Supporters of the nuclear deal in both India and the US are already feeling greatly disappointed over the way an opportunity and the gains of the deal are being allowed to slip out of hands.

The nuclear agreement signed in July 2005, if stamped by both the governments, would have amounted to India’s recognition as a nuclear weapons state, facilitated supplies of uranium for India’s nuclear reactors (which are already feeling the pinch), ensured generation of clean energy and allowed India to access advanced technology badly needed for sensitive areas like space, defence and nuclear reactors.

Despite the apprehensions voiced by the Left and the BJP, the government has been assuring that there is nothing in the agreement and related documents that seeks to deter India from making and testing more nuclear weapons needed for strengthening its deterrent capability.

For the US, India would have emerged as a major partner in Asia, particularly in South Asia, and an assured market for its companies and technology. Although India does not believe in alliances, warmer relations between India and the US would certainly have an impact on the emerging scenario in Asia.

Whatever the public assurances, the quality of the strategic partnership that was supposed to be underpinned by the nuclear deal would now get diluted.

Well-placed sources tell me that the FDI and the supply of sensitive hi-tech items needed by India have already begun slowing down.

The CPM’s opposition to the deal has been unambiguous from the beginning. The ink had not even dried on the agreement signed in July 2005 by Dr Manmohan Singh and George Bush, when the CPM had issued a statement in Delhi that the party would oppose the nuclear deal. Prakash Karat and other spokesmen of the Left have been relentlessly opposing the nuclear deal since then, using the weight of the 63 votes they have in the Lok Sabha.

For the Manmohan Singh government, opposition coming from the CPM and other Left parties may not have come as a surprise as the party is ideologically opposed to the US and any arrangement that might make India get too close to the superpower.

What, however, has puzzled the Manmohan Singh government is the BJP’s opposition to the deal on one ground or another. This is particularly so because the NDA government had held nearly a dozen round of talks with Strobe Talbott on the CTBT when it was in power and took the matters quite far. The BJP’s opposition to the deal is being seen as for the sake of opposing only.

It is highly unlikely that either the CPM or the BJP will give up opposition to the deal.

Neither party is mindful of the fact that having signed the agreement on behalf of the country, it may not be proper for the government and the country to pull back when a follow-up was needed in the IAEA, NSG and the US Congress.

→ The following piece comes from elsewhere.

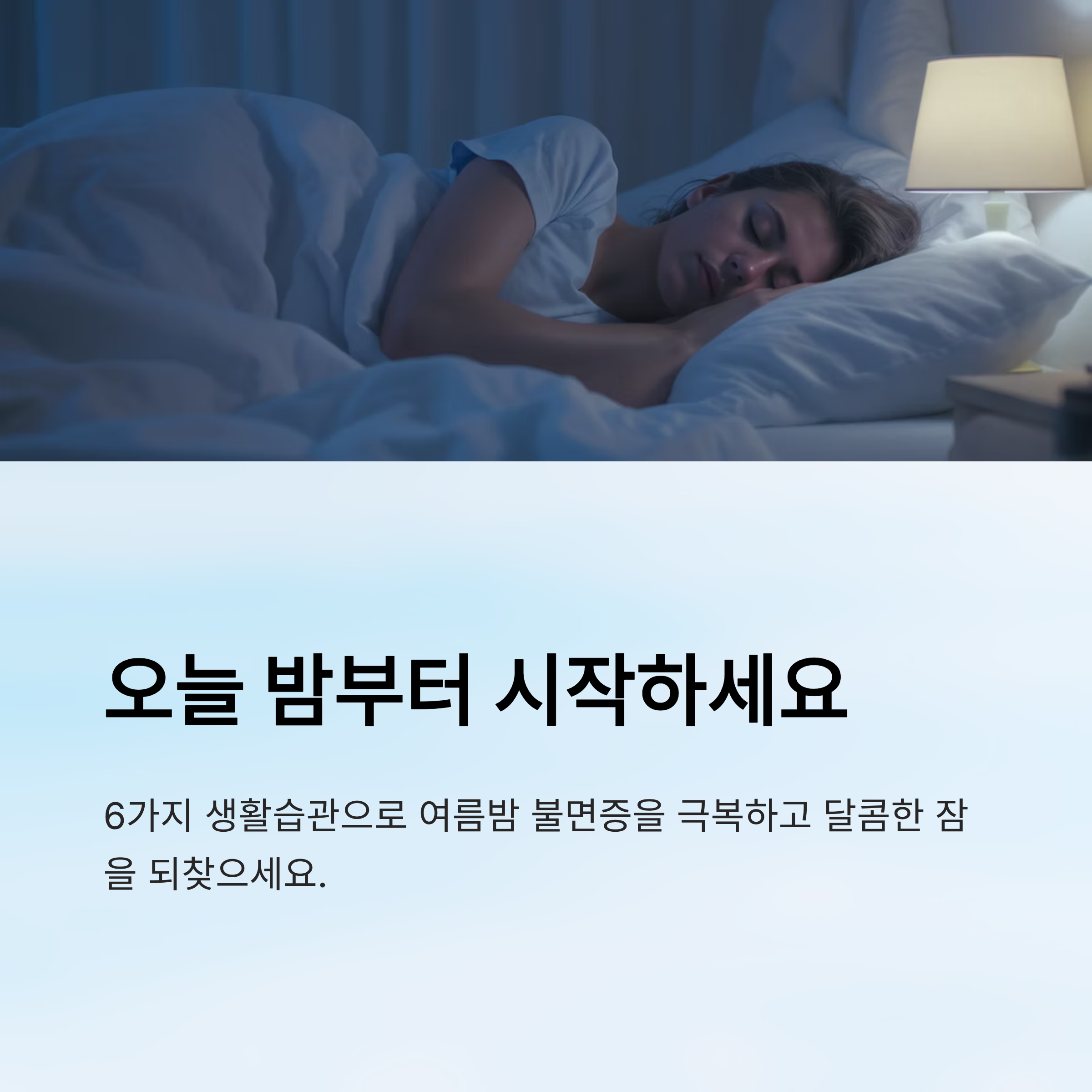 생활 리듬이 무너지면 수면 질도 무너져요. 특히 여름철은 생체리듬이 흔들리기 쉬운 계절이니, 더더욱 규칙적인 패턴이 중요하답니다.

The Indo-US nuclear deal, the nation’s most daring foreign policy initiative since Independence, is essentially becoming a victim of lack of consensus needed among the political parties and of compulsions of coalition parties.

Both India and the US are in the election mode. For George Bush, these are the last few months in power. And no one knows whether his successor at the White House, John McCain or Barack Obama, will pull the deal out of the limbo.

In India also, the post-election scenario is uncertain and no one can say at this stage whether the new government in New Delhi will have any enthusiasm for the deal.